Rather, the Association interprets section 6 of OPRA to
foreclose custodians from “institut[ing] any proceeding under
this section.” N.J.S.A. 47:1A-6 (emphasis added).
Specifically, the Association argues that “under this section”
refers to Title 47 of the New Jersey Statutes, which deals
exclusively with OPRA, and not to statutory provisions contained
in other titles -- such as the DJA, which appears under Title
2A. Contrary to the Appellate Division’s opinion, the
Association finds it implausible that the Legislature would have
intended to bar public agencies’ access to the judicial system
when a genuine justiciable dispute arises, even if the issue
relates to OPRA. The Association warns that, under the
Appellate Division’s interpretation of OPRA, public agencies are
“sitting duck[s]” left with no alternative but to wait to be
sued and potentially “hit with substantial prevailing party
fees.”
B.
Carter asserts that the plain language of section 6 of OPRA
makes clear that only the requestor holds the right to initiate
proceedings regarding a public agency’s decision to provide
public access to records. Carter argues that, when a public
11
agency is unsure whether disclosure would violate a citizen’s
reasonable expectation of privacy, OPRA clearly dictates that
the agency has two options: (1) release the record as a
governmental record, or (2) deny access pursuant to one of
OPRA’s enumerated exemptions. Thus, Carter maintains that the
Association had no legal right, even under the DJA, to seek
judicial guidance in this case.
Carter accuses the Association of focusing too heavily on
the language “under this section” in section 6. According to
Carter, the proper point of emphasis in section 6 is that the
right to institute “any proceeding” belongs to the requestor.

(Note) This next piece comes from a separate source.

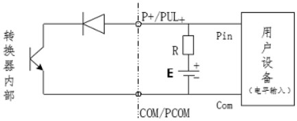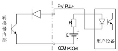 PUL+/ P+、ALM+(AH)、ALM-(AL)和 PDIR(FDIR)均为集电*开路(OC 门)输出(参阅图 3.6b、3.6d,用户接线时必须参照如下电路外接电源和负载: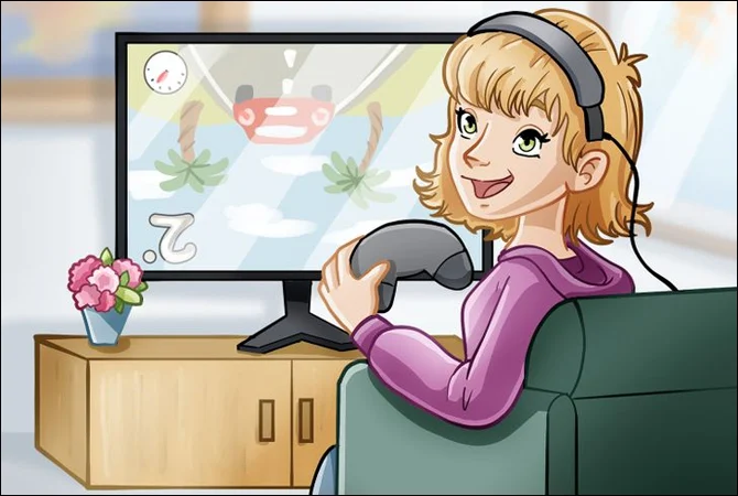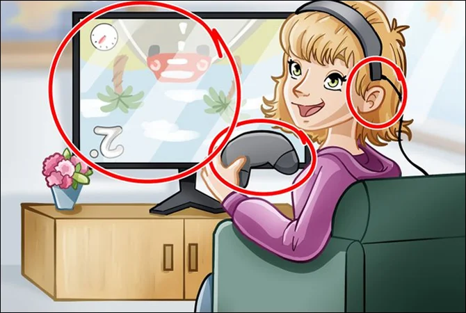تصویر میں آپ دیکھ سکتے ہیں ایک لڑکی گھر میں بیٹھ کر ٹی وی پر ویڈیو گیم کھیل رہی ہے جس کا کنٹرولر لڑکی کے ہاتھ میں ہیں جب کہ گیم میں آنے والی آوازیں سننے کے لیے لڑکی نے اپنے سر پر ہیڈ فون بھی لگایا ہوا ہے۔

Carter interprets that language as evidence of a legislative
intent to bar records custodians’ access to the court system by
way of any other statutory provision. Carter argues that
allowing public agencies to sidestep OPRA’s requirements via the
DJA would eradicate the exclusive right that OPRA bestows upon
requestors to choose to institute a proceeding and select the
forum in which the dispute is resolved -- either the Government
Records Council or the Superior Court. Carter warns that
allowing public agencies to utilize the DJA would chill OPRA
requests because it would force requestors to litigate when they
might not have done so otherwise, or even dissuade requestors
from making OPRA requests in the first place for fear of being
sued as a result.
12
C.
As amicus curiae, the NJPA submits that the Legislature
intentionally vested all statutory standing in the requestor.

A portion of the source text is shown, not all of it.